=== About this task ===
Set down every line from the one with "The villa comprises" to the end of the entries, both ends included, exactly as it reads and without pictures.

Records from a data collection
------------------------------------

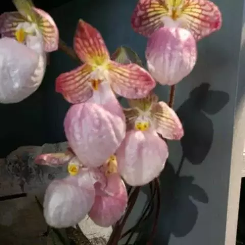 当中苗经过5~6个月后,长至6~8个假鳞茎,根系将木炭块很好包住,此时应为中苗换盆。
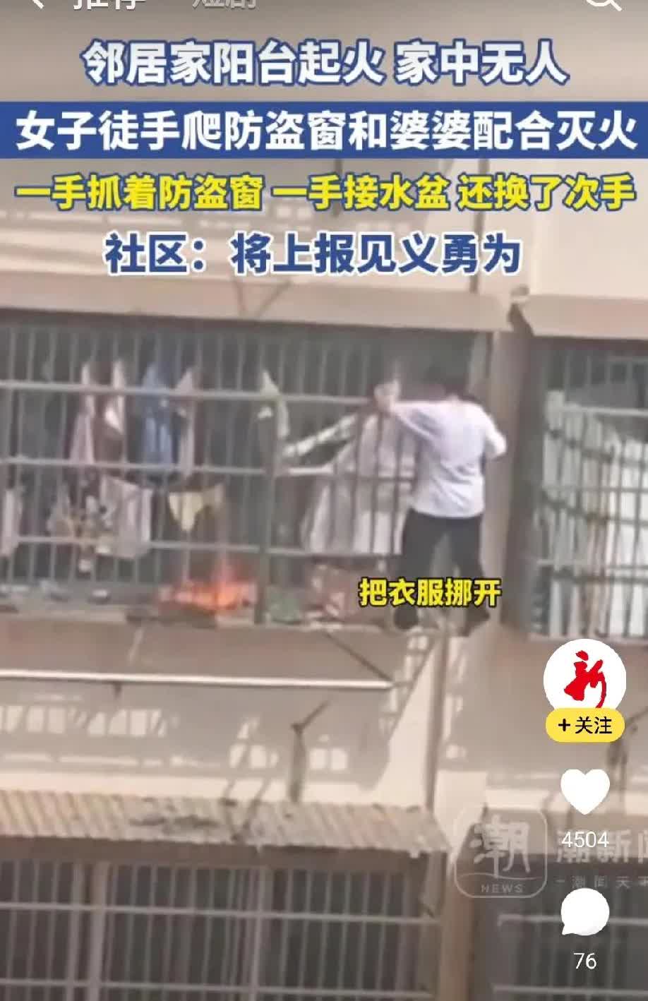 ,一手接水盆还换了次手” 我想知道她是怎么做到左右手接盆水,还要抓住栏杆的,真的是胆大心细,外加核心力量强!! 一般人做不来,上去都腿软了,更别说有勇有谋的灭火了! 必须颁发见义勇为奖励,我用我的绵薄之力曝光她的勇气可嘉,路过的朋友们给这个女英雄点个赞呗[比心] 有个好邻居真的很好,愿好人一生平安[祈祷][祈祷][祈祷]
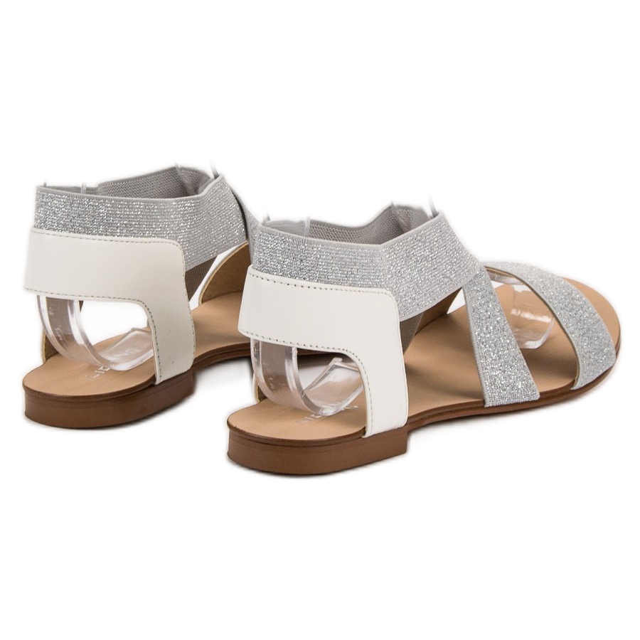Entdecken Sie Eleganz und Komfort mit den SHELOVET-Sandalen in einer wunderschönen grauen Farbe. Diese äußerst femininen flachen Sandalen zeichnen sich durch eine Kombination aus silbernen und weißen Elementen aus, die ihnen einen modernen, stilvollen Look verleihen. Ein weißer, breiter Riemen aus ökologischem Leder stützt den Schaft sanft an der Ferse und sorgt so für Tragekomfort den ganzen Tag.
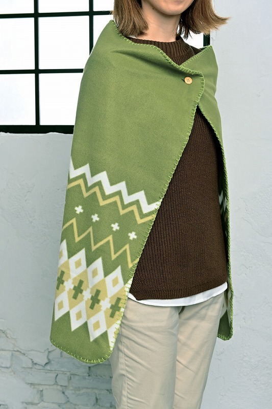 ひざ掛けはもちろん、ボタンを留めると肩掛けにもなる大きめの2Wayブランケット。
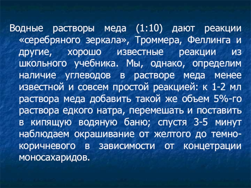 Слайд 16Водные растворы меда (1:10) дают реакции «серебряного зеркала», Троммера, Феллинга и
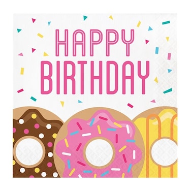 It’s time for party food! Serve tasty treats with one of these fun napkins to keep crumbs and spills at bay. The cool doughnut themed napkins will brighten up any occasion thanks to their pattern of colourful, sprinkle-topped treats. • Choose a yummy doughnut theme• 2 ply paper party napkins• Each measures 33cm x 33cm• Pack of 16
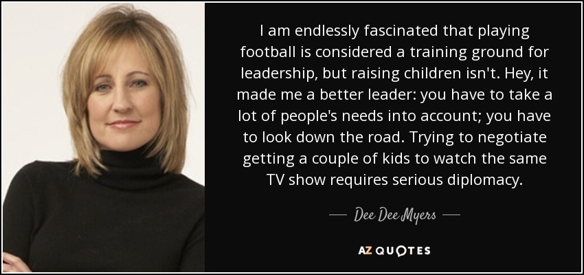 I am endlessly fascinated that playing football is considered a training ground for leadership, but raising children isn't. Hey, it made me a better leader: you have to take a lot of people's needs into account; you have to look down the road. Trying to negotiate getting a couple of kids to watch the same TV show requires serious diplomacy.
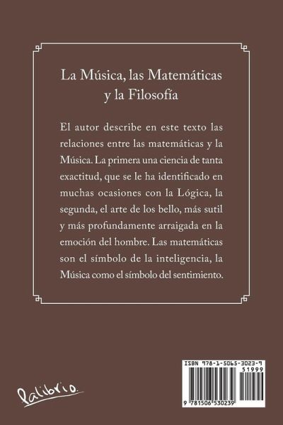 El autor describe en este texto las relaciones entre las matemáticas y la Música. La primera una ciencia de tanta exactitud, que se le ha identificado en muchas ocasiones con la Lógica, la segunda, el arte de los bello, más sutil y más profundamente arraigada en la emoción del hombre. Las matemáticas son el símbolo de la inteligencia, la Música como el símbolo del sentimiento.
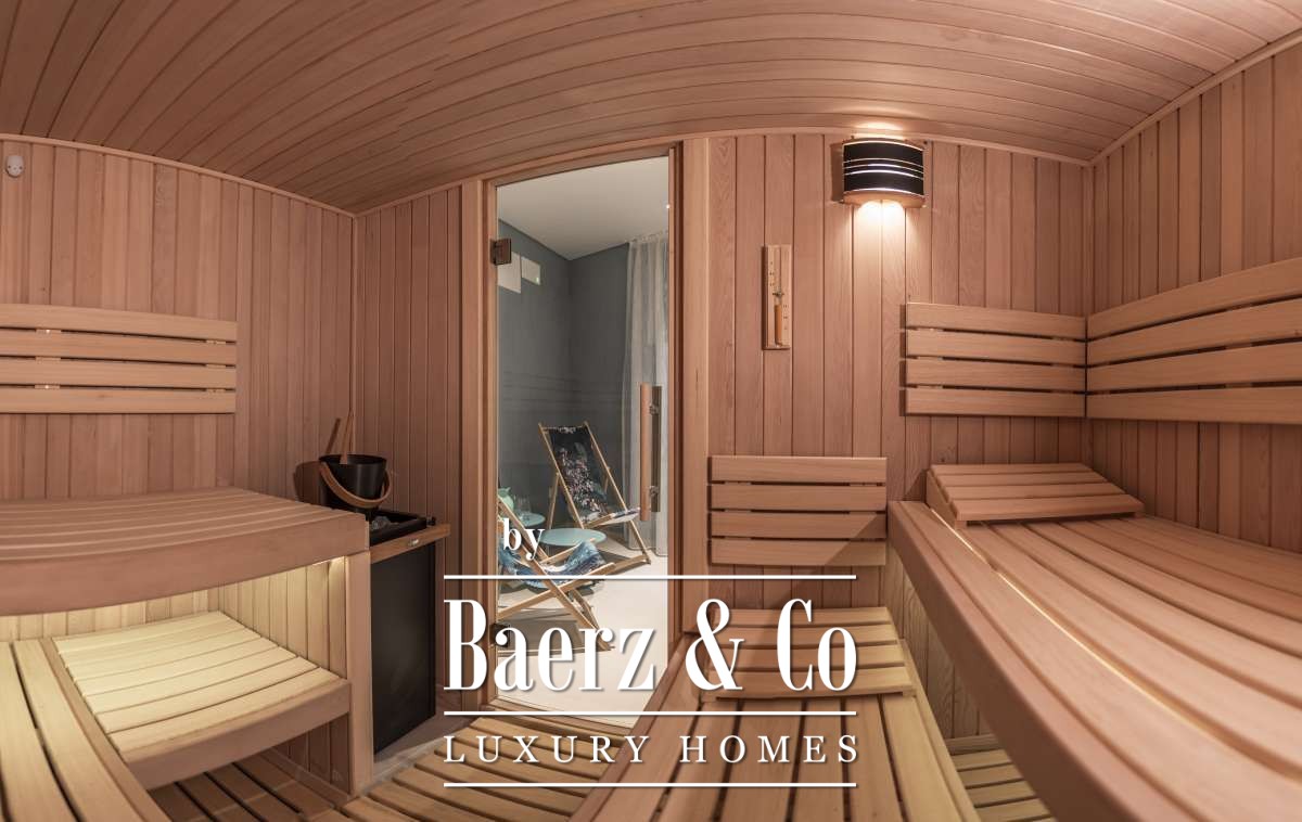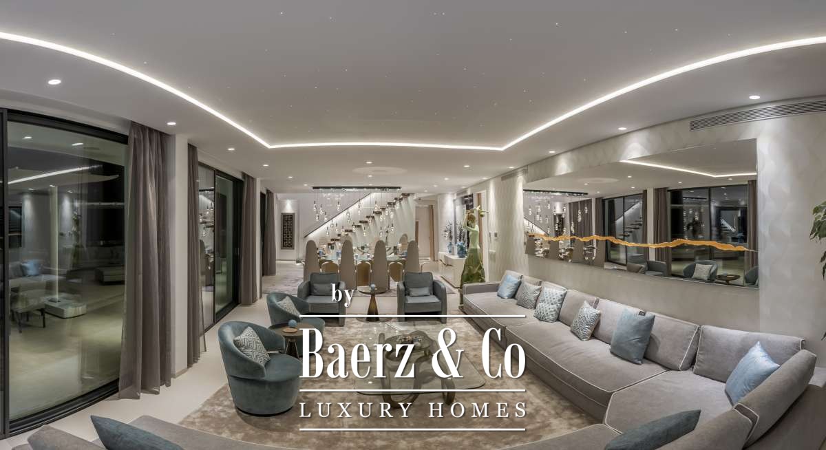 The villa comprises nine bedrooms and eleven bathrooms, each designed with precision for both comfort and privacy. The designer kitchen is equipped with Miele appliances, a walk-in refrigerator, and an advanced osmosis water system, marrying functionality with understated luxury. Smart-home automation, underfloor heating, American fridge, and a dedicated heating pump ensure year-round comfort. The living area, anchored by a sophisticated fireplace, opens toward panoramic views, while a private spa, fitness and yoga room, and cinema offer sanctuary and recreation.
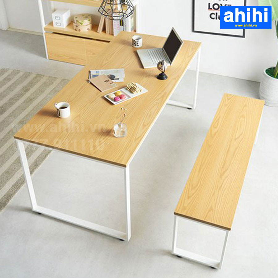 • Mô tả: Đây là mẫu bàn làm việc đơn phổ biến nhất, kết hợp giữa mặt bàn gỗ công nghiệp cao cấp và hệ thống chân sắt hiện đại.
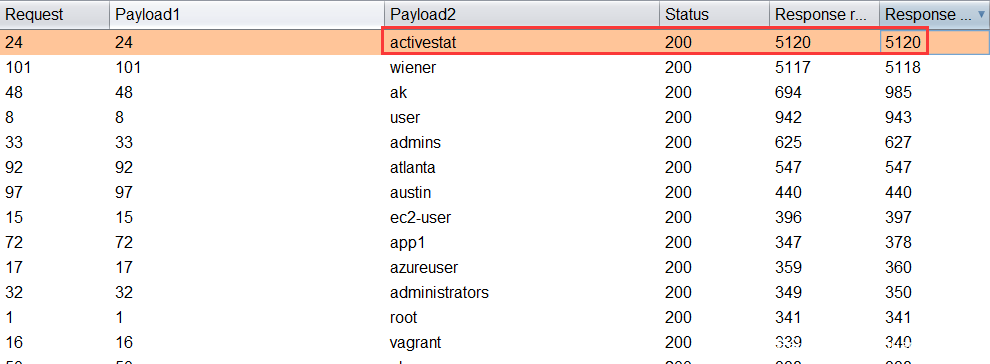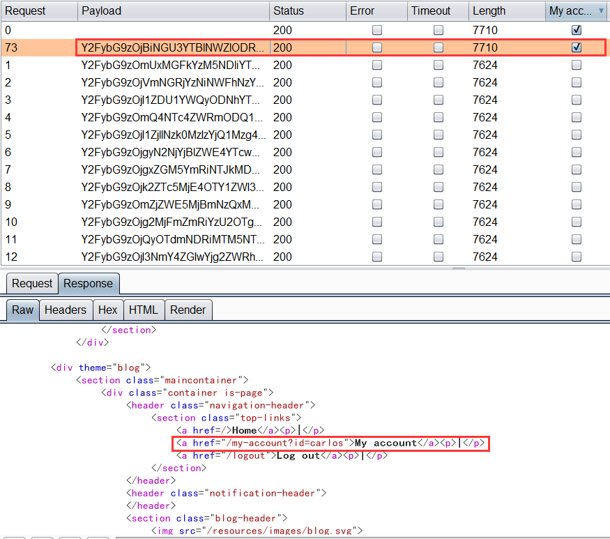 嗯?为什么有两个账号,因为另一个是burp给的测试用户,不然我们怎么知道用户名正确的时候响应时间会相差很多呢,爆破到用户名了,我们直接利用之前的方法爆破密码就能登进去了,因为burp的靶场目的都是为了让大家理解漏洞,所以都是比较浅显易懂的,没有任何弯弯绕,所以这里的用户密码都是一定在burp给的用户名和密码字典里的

------------------------------------

=== Your solution ===
 The villa comprises nine bedrooms and eleven bathrooms, each designed with precision for both comfort and privacy. The designer kitchen is equipped with Miele appliances, a walk-in refrigerator, and an advanced osmosis water system, marrying functionality with understated luxury. Smart-home automation, underfloor heating, American fridge, and a dedicated heating pump ensure year-round comfort. The living area, anchored by a sophisticated fireplace, opens toward panoramic views, while a private spa, fitness and yoga room, and cinema offer sanctuary and recreation.
 • Mô tả: Đây là mẫu bàn làm việc đơn phổ biến nhất, kết hợp giữa mặt bàn gỗ công nghiệp cao cấp và hệ thống chân sắt hiện đại.
 嗯?为什么有两个账号,因为另一个是burp给的测试用户,不然我们怎么知道用户名正确的时候响应时间会相差很多呢,爆破到用户名了,我们直接利用之前的方法爆破密码就能登进去了,因为burp的靶场目的都是为了让大家理解漏洞,所以都是比较浅显易懂的,没有任何弯弯绕,所以这里的用户密码都是一定在burp给的用户名和密码字典里的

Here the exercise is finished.